Silk, a precious fabric and symbol of royalty, has a fascinating history dating back to ancient China. A legend tells that the wife of the Yellow Emperor Huangdi, Xi Ling-Shi, accidentally discovered the first shimmering threads among mulberry leaves. This fabric has sparked wars and conquests, maintaining its primacy in beauty and quality over the centuries. Initially a Chinese secret, sericulture spread through complex trade routes and thefts, reaching Byzantium thanks to two Nestorian monks in 550 AD. Chinese silk continued to dominate the global market, produced not only in China but also in India, the Middle East, and Europe by 1200.

Material of choice for the most precious garments, Malo enhances its qualities by skilfully mixing it with other natural fibers to obtain blends with exceptional characteristics.

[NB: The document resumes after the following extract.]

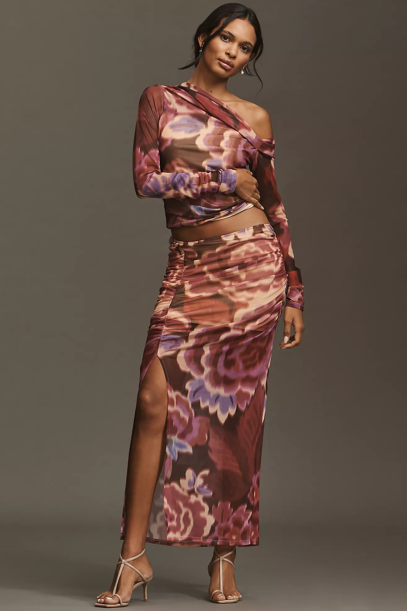 Maeve Fitted Ruched Mesh Maxi Skirt

The production of silk is a very long and laborious process that requires constant and almost obsessive attention. Silkworm feeding, air temperature, light and humidity are all decisive factors in obtaining an excellent product in every aspect. Raw silk is a protein filament fibre, hundreds of meters long, extruded from the silkworm in the moment when it weaves the cocoon around itself. Thanks to the triangular section of the filaments, the light is reflected from different angles, thus producing an extraordinary brightness that varies according to its texture. Cool in summer and warm in winter, fluid on the body, pure silk is well suited to different types of garments, comfortable and luxurious more than any other fabric in the world it keeps its beauty unchanged over time by virtue of its resistant fibres.

Wash and care

Pure silk is a natural fabric; for this reason, if washed with care, it will maintain all its precious characteristics over time. Gentle hand washing will ensure that the fabrics do not come into contact with chemicals that could damage them. It is recommended to soak the garment in cold water, using only specific gentle detergents, remembering that silk is made of a protein very similar to that of human hair and therefore requires special care. There is no need to leave it in the water for a long time; silk quickly releases impurities.

Do not wring it out; to remove excess water, place the wet garment on a white cotton towel, then roll up the ends so that the towel absorbs the excess. Finally, hang the garment on a padded hanger. The drying process, away from direct heat sources and sunlight, should not take more than an hour.